(Records from a dataset)
%%
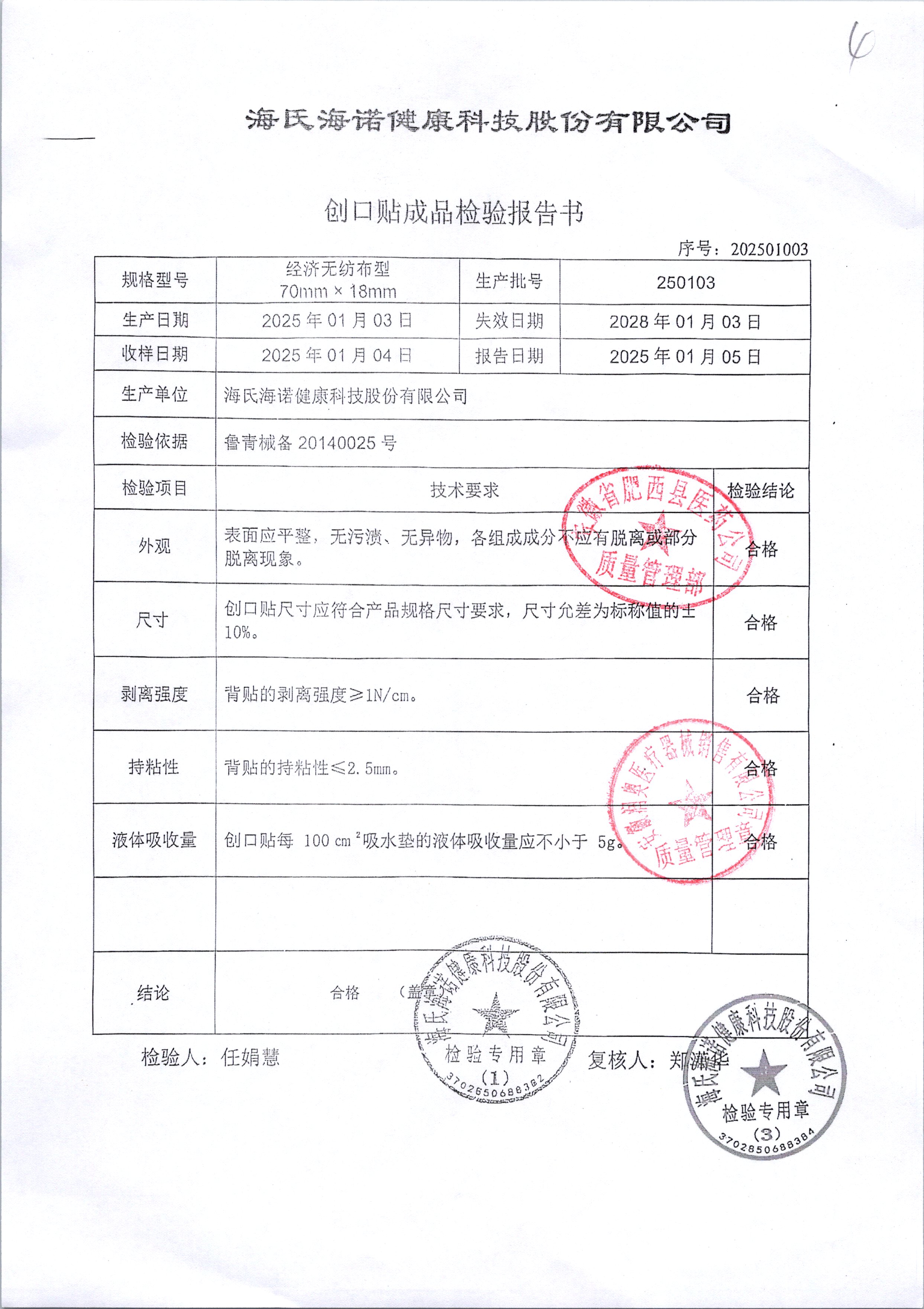 药检报告
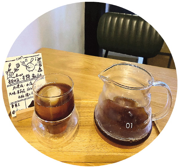 在这家店里,顾客交流最多的还是咖啡。咖啡可能会因品尝人的喜好不同,对于口感的评价也会不同。主理人按照流程,会将磨完的咖啡粉给顾客闻一下干香,之后开始萃取,大概3分钟后,加上冰块就可以完成。这家店最能打动人的,是在每一杯手冲咖啡上桌的时候,主理人都会贴心地放上一张手绘卡片。手绘卡片上写着咖啡豆的产地、处理方式、呈现风味,像一张说明书,让顾客能更好地了解这杯咖啡。
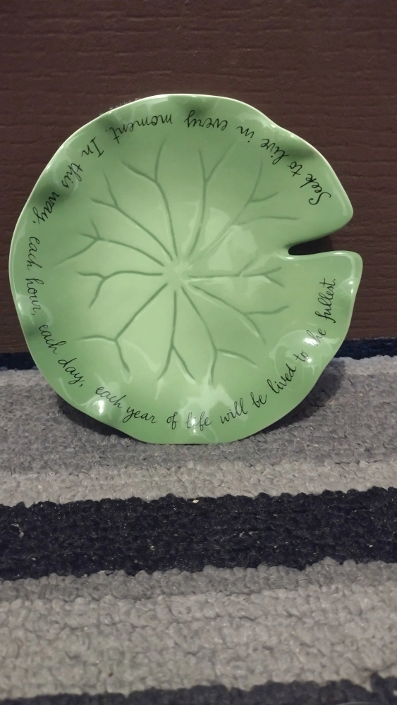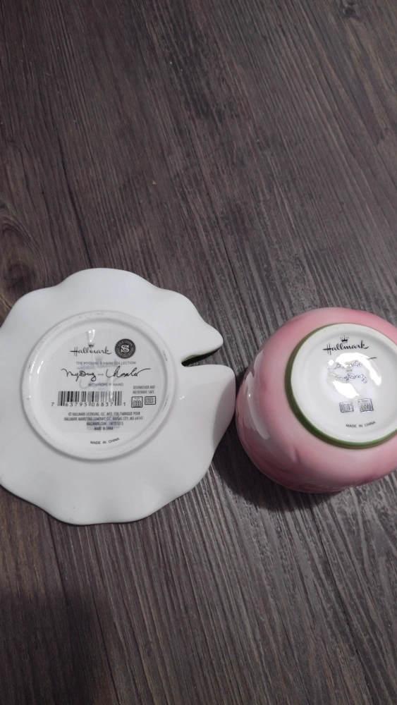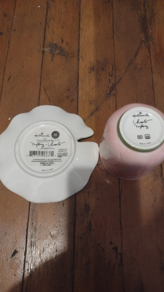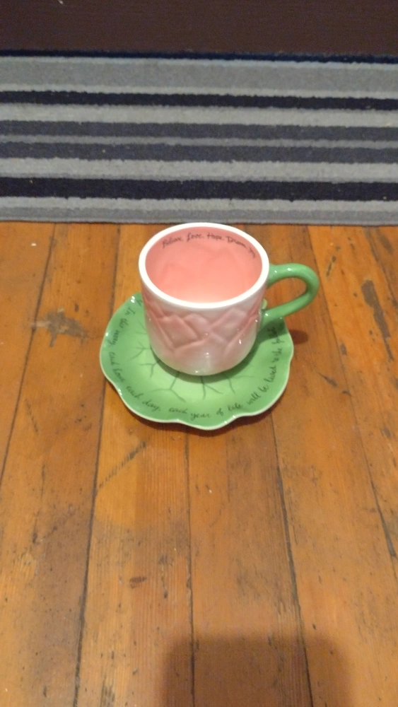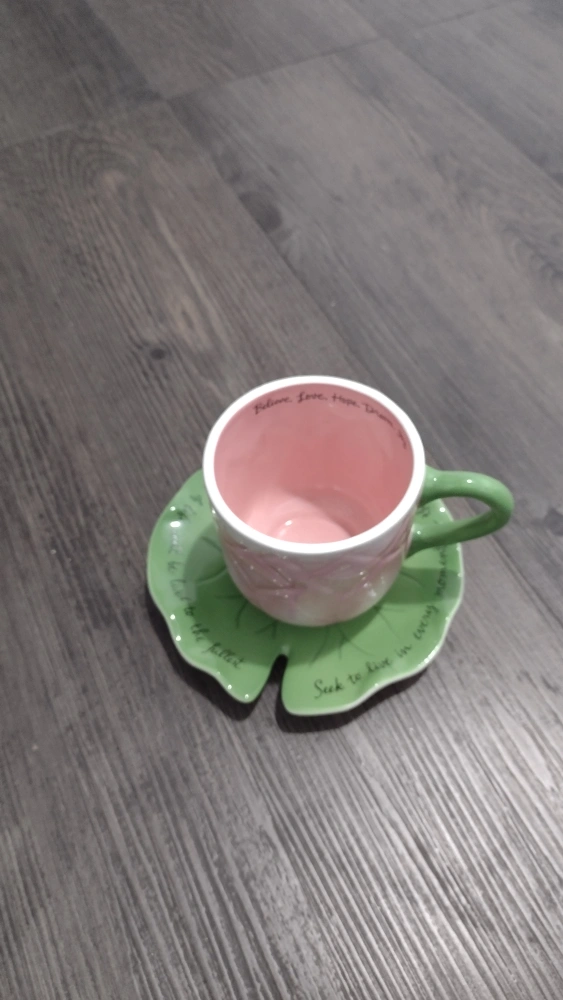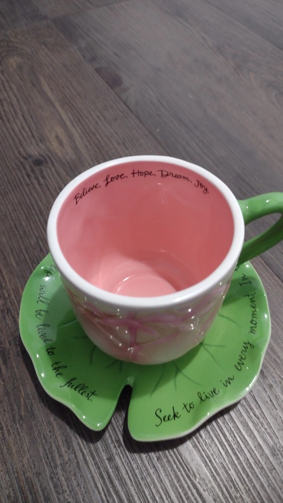Selling a cute Hallmark Charlie Mystery cup and saucer set! The saucer is a lovely green and shaped like a lily pad, with the saying "Seek to live in every moment. In this way, each hour, each day, each year of life will be lived to the fullest" written around the edge. The cup is a pretty pink colour with a green handle. Perfect for adding a touch of whimsy to your tea time!
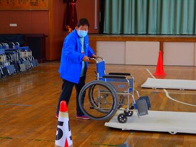 一方の車いすチームのほうは、最初車いすの組み立て方やたたみ方を教えてもらい、そのあと、押すときのコツなどを見せていただきました。
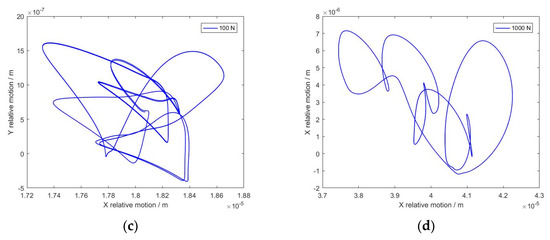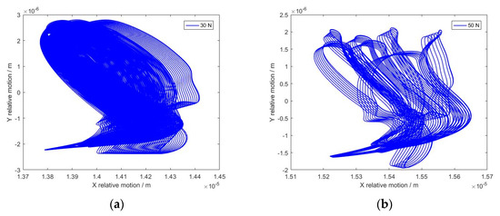 The center trajectory of the inner raceway is closely related to the movement state of the deep groove ball bearing, as shown in Figure 12 and Figure 13. With the same external load (100 N), the lower rotation speed would provide the periodicity of the motion trajectory and the inner raceway would maintain the same path, which is the stable dynamic response of a deep groove ball bearing. However, the motion trajectory of the inner raceway changes as the rotation speed increases. When the rotation speed exceeded 8000 rpm, the bifurcation and quasi-periodic characteristics became more serious, as shown in Figure 12d. Then, the inner raceway moved along different routes under this condition. The center trajectory of inner raceway was not unique, and many similar routes appeared at 15,000 rpm. It was easily found that the increase in the movement speed of the rolling ball caused the variations in the impact velocity, and the contact characteristics (deformation and energy dissipation) would have changed at the same time. Furthermore, the contact characteristics are closely related to the center trajectory of the inner raceway. In addition, the effects of the external load on the center trajectory of the inner raceway are diverse, and the rotation speed was defined at a constant value (8000 rpm), as shown in Figure 13. It was clear that the many similar center trajectories of the inner raceway appeared and the bifurcation was evident, as seen in Figure 13a. As the external load increased, the chaos phenomenon of the center trajectory for the inner raceway was controlled and the motion path of the inner raceway became clear. The growth in the external load reduced the movement region of the rolling ball, which was also the reason for the regular movement of the inner raceway. These results also illustrate that the growth in the external load would be advantageous for the stable movement of a deep groove ball bearing, and the preload of a deep groove ball bearing could be defined at a larger value.
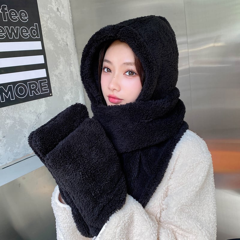 マフラーにはフードが付いており、フードをかぶることで、首元や頭部をしっかりと包み込み暖かさをキープします。
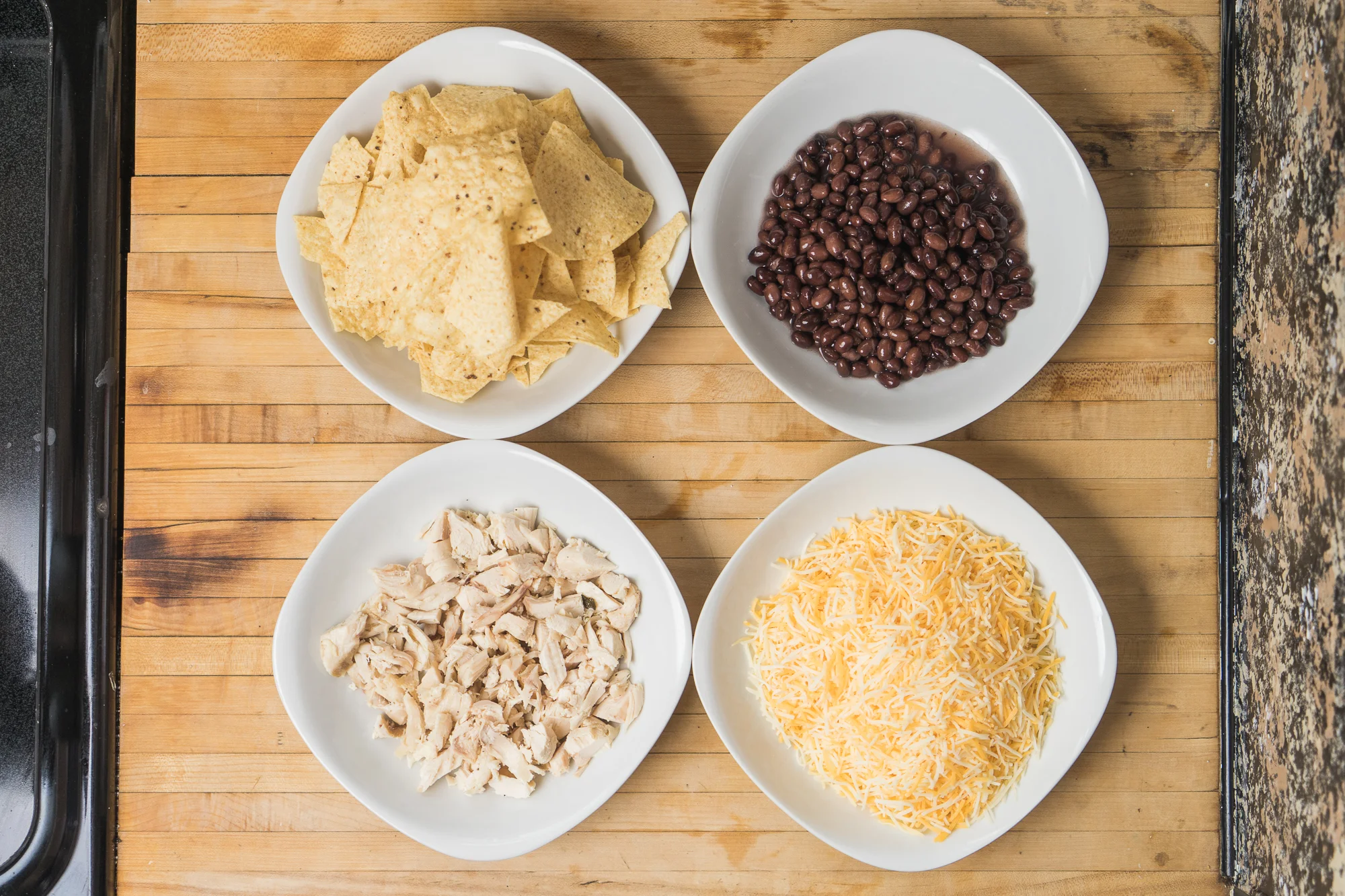 On a recent night like this, I foraged and came up with cooked chicken, chips, cheese and canned black beans and this “recipe” was born!
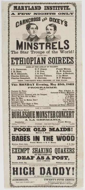Maryland Institute. A few nights only : Carncross and Dixey's Minstrels the star troupe of the world! In their great Ethiopian
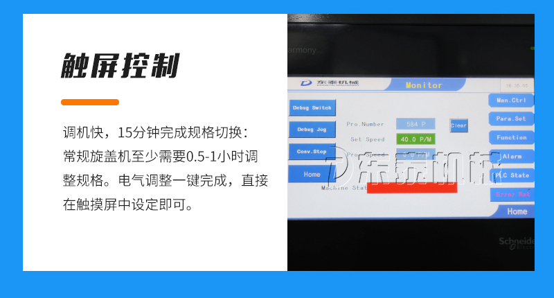 7、調(diào)機(jī)快,15分鐘完成規(guī)格切換:常規(guī)旋蓋機(jī)至少需要0.5-1小時(shí)調(diào)整規(guī)格。
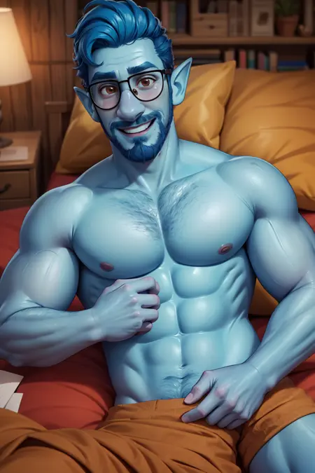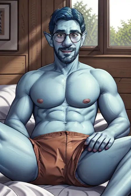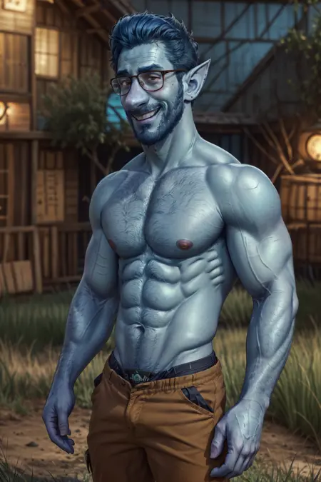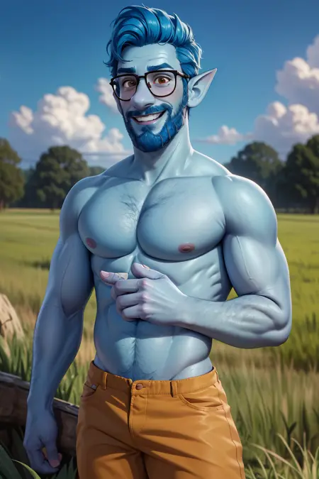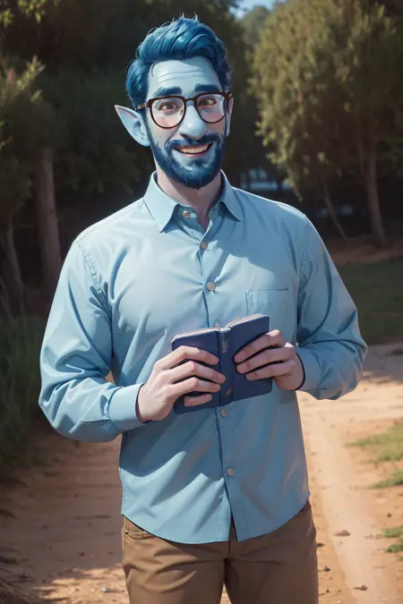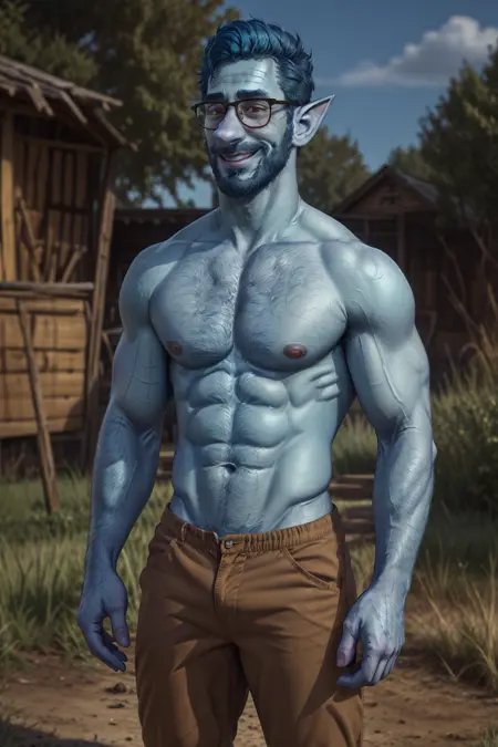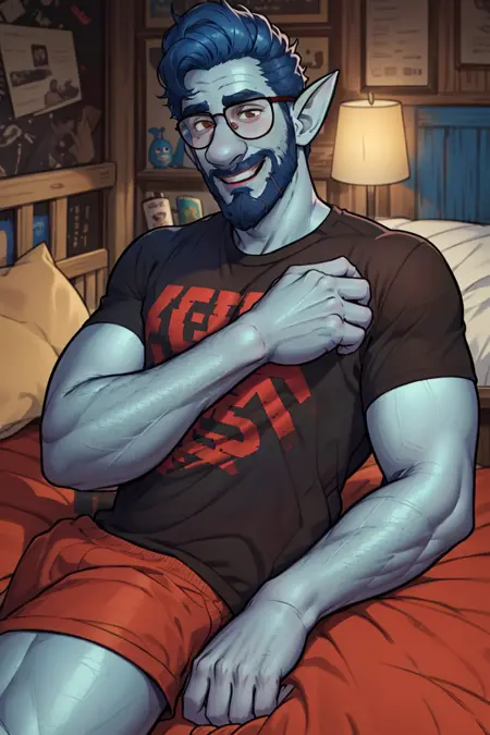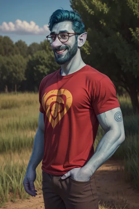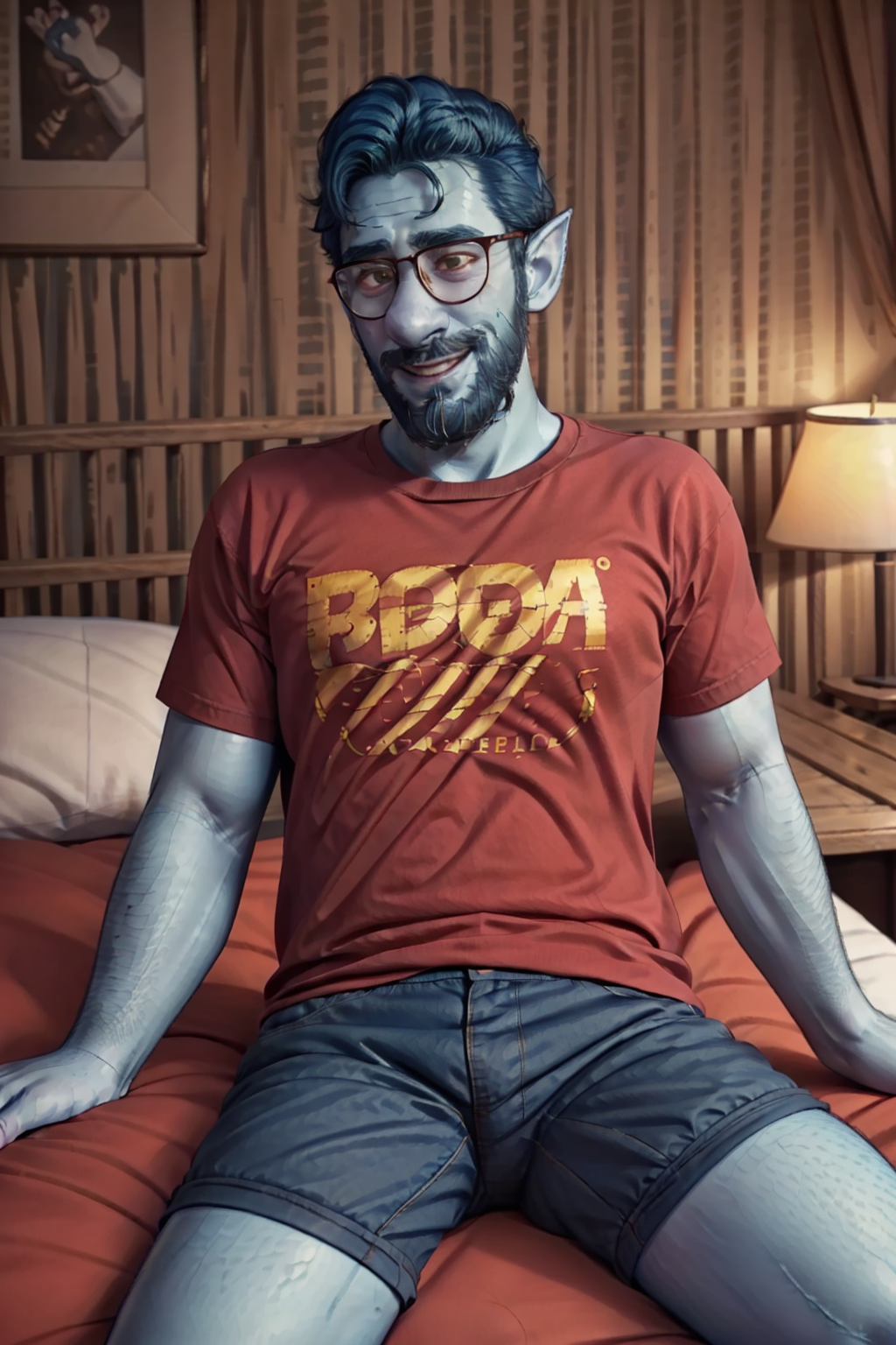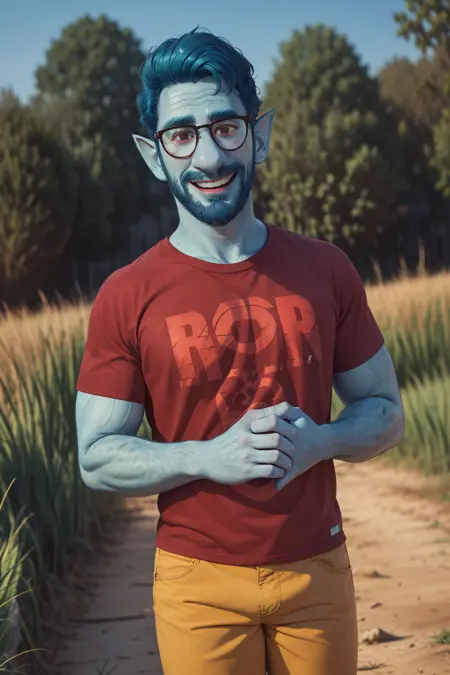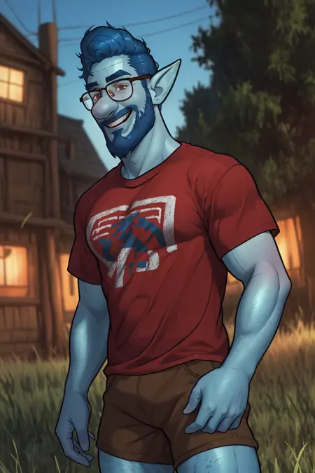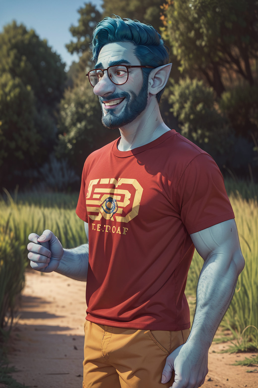 Prompt: Wilden Lightfoot, elf, (complete-skinned, colored skin), dark blue hair, short hair, brown eyes, thick eyebrows, pointy ears, facial hair, (full beard), black-framed glasses, completely red t-shirt, khaki shorts
%%
▶ _What the task asks_
Write the lines out exactly, beginning at the line that holds "7、調(diào)機(jī)" and stopping after the last line of the entries; include no pictures.

▶ _Output for this task_
 7、調(diào)機(jī)快,15分鐘完成規(guī)格切換:常規(guī)旋蓋機(jī)至少需要0.5-1小時(shí)調(diào)整規(guī)格。
 Prompt: Wilden Lightfoot, elf, (complete-skinned, colored skin), dark blue hair, short hair, brown eyes, thick eyebrows, pointy ears, facial hair, (full beard), black-framed glasses, completely red t-shirt, khaki shorts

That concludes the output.